■ **Work required**: The data below contains pictures, which are to be skipped; the lines starting at the line with "Wiatrak holenderski z" and ending at the line with "obaveštavamo vas da" are to be output exactly, both ends included.

■ **Information shown**:
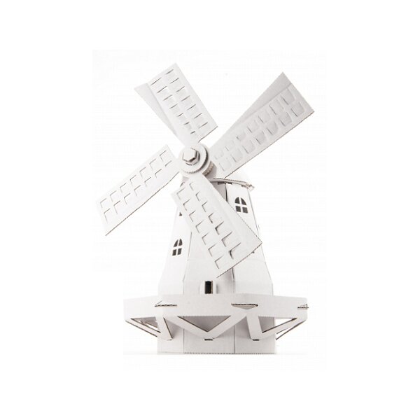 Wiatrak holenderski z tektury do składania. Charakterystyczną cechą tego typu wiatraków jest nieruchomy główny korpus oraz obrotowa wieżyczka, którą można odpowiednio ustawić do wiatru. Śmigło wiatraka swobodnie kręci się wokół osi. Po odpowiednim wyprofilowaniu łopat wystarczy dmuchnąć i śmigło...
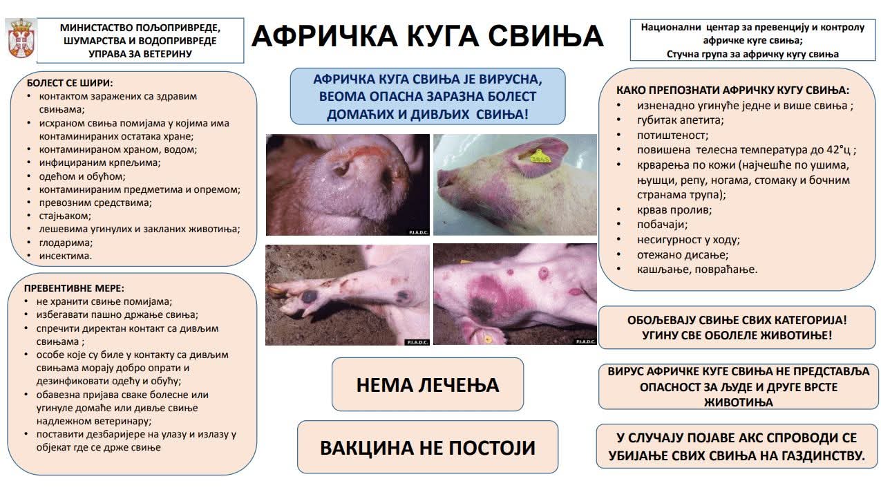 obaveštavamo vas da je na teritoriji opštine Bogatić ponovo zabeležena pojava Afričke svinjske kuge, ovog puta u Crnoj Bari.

* * *

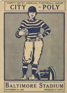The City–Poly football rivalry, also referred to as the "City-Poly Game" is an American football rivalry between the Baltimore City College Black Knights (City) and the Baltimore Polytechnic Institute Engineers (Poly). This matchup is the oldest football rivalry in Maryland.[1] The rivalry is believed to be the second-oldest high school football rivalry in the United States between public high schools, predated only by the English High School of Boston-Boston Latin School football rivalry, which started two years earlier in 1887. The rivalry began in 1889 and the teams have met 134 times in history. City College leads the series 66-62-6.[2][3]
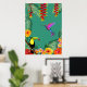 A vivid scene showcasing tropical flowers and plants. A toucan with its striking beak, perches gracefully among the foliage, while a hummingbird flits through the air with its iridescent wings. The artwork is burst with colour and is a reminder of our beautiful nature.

...

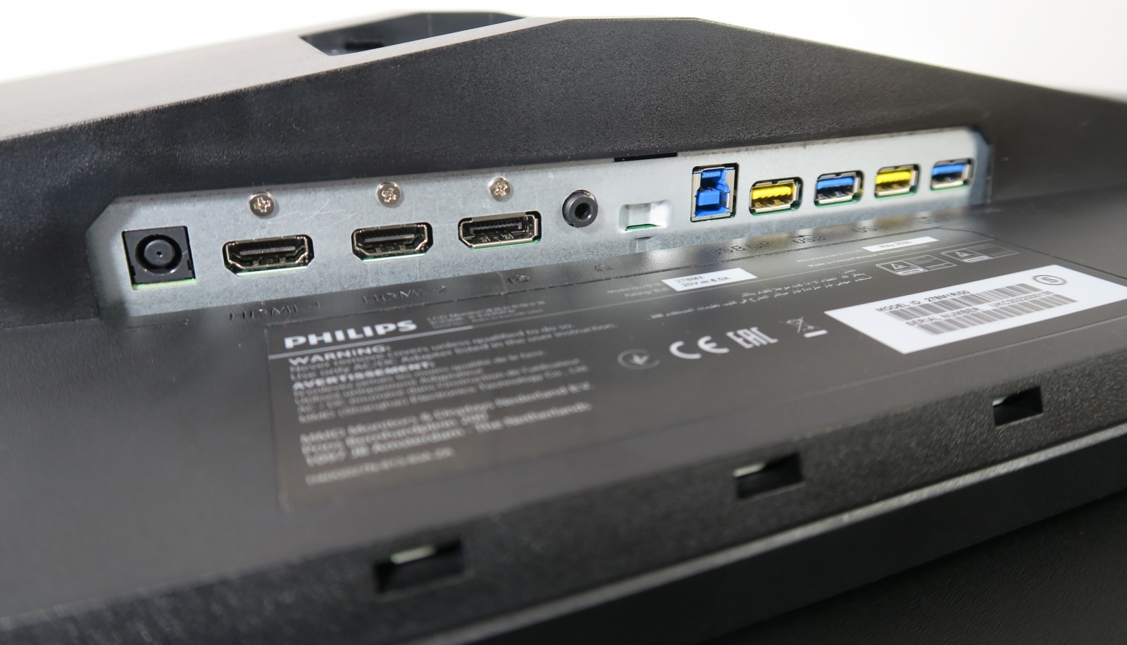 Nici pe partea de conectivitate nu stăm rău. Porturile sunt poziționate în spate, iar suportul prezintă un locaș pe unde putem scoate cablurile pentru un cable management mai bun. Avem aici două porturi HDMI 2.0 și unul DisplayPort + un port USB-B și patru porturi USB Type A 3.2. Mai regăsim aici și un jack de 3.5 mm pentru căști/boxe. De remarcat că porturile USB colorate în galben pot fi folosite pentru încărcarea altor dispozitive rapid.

■ **Written response**:
 Wiatrak holenderski z tektury do składania. Charakterystyczną cechą tego typu wiatraków jest nieruchomy główny korpus oraz obrotowa wieżyczka, którą można odpowiednio ustawić do wiatru. Śmigło wiatraka swobodnie kręci się wokół osi. Po odpowiednim wyprofilowaniu łopat wystarczy dmuchnąć i śmigło...
 obaveštavamo vas da je na teritoriji opštine Bogatić ponovo zabeležena pojava Afričke svinjske kuge, ovog puta u Crnoj Bari.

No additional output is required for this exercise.